Discussion then moved round to the EPSRC expectations for research data, with those who attended a recent DCC event on the EPSRC expectations reporting that the EPSRC are not looking to get rid of opportunities for supporting research, so are not likely to cut off funding come May 2015. However, they do expect to see evidence that institutions are working towards or trying to improve storage, support, and data discovery and access. Nonetheless, there is no doubt the EPSRC policy has focused knowledge and effort in institutions towards RDM. Then training was mentioned. When the “T” word is mentioned I often think of that line about if people don't want to come how are you going to stop them? To save us from preparing to teach to empty rooms, the thinking now seems to be towards providing support when people need it and building up a directory of experts to refer to when appropriate. Structured support is based on identifying four key stages in the data lifecycle: submitting a proposal (for help on data management planning), when proposals are accepted (implementing RDM), mid-project (supporting implementation), and towards the close to talk about preservation. The key is to keep engagement with researchers. One institution is trying to do this for all research projects at that institution so is working with their research office to target RCUK funded projects. Another institution initially plans to work with a sample of projects.
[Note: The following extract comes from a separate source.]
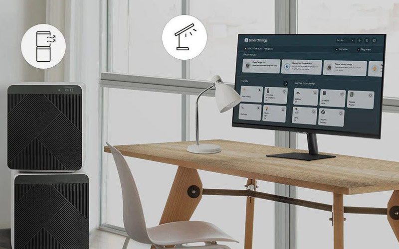 Transformez votre Smart Monitor en centre de contrôle pour la maison en le connectant à vos produits domestiques IoT avec SmartThings. Éteignez les lumières, baissez les stores et réglez le thermostat à la température idéale, le tout à l’aide du Smart Monitor. La soirée s’annonce détendue !
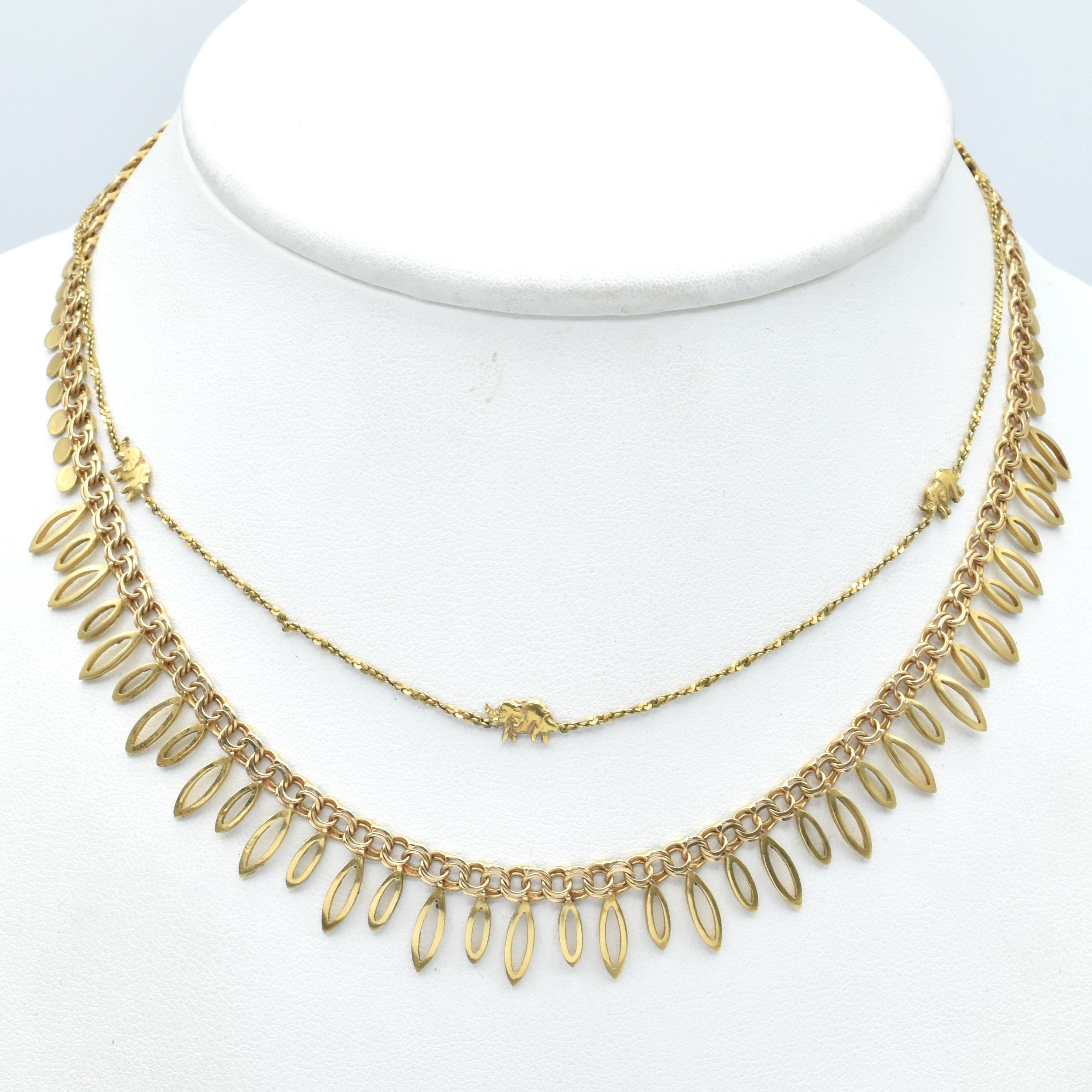 Collier en or jaune 14 ct (abîmé) - 15 g Collier en or jaune 18 ct (abîmé) - 3.7 g (39 & 39.5 cm)

By now the discussion had moved on to data management planning. One institution had a Data Management Plan (DMP) template and DMP requirement as part of its data policy, with separate plans for staff and postgraduate students. The feeling was that template texts are not such a good thing if they are copied and pasted into DMPs. A case was mentioned of one research funder refusing to fund a project because the DMP used identical text to another DMP submitted from that institution. The DCC’s DMPOnline tool was mentioned, particularly it’s ability to be customised towards an institution. It was also mentioned that DMPOnline has been much improved in later versions. A policy was mentioned at one institution of not offering storage until a DMP has been completed, another institution reported on how there is a checkbox in the research office to signify that the DMP has been looked at by the data management officer.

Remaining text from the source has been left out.